> [Your objective]: Pictures should be left out when the listing below is repeated word for word.

> [Dataset extract]:
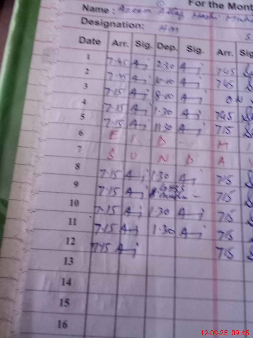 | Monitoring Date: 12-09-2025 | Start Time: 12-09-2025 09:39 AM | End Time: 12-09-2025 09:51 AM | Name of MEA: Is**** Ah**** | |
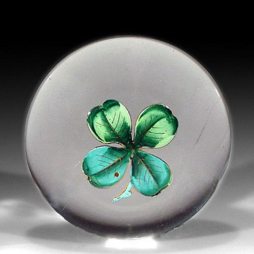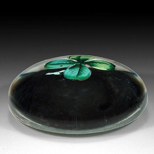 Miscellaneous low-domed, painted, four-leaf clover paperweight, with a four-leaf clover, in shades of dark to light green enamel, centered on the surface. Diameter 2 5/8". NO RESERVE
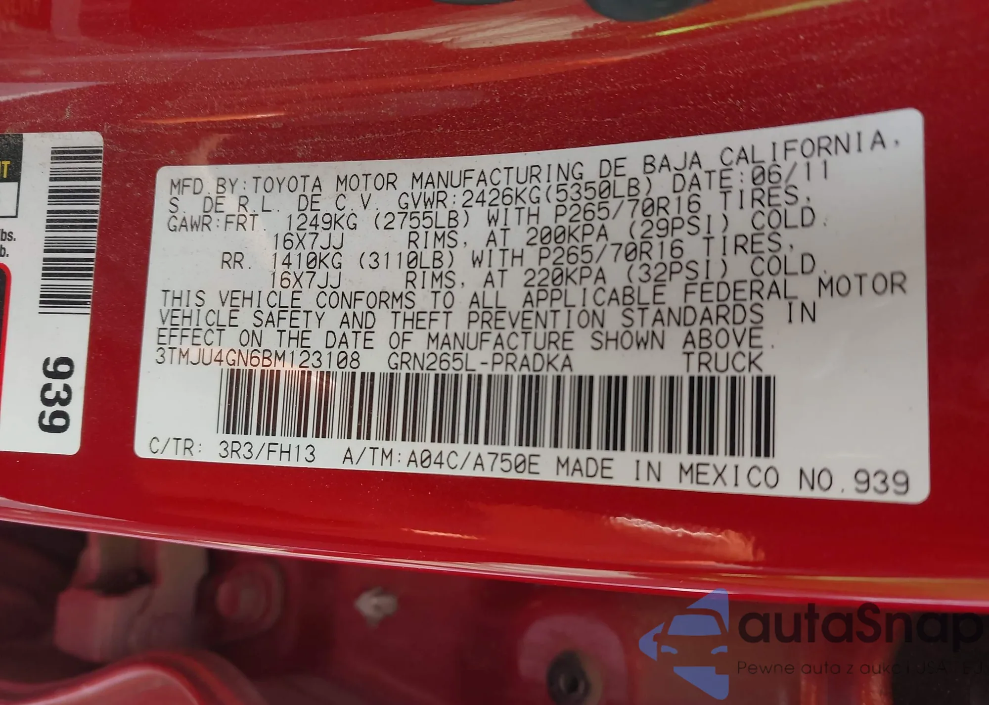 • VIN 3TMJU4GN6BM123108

> [Written solution]:
 | Monitoring Date: 12-09-2025 | Start Time: 12-09-2025 09:39 AM | End Time: 12-09-2025 09:51 AM | Name of MEA: Is**** Ah**** | |
 Miscellaneous low-domed, painted, four-leaf clover paperweight, with a four-leaf clover, in shades of dark to light green enamel, centered on the surface. Diameter 2 5/8". NO RESERVE
 • VIN 3TMJU4GN6BM123108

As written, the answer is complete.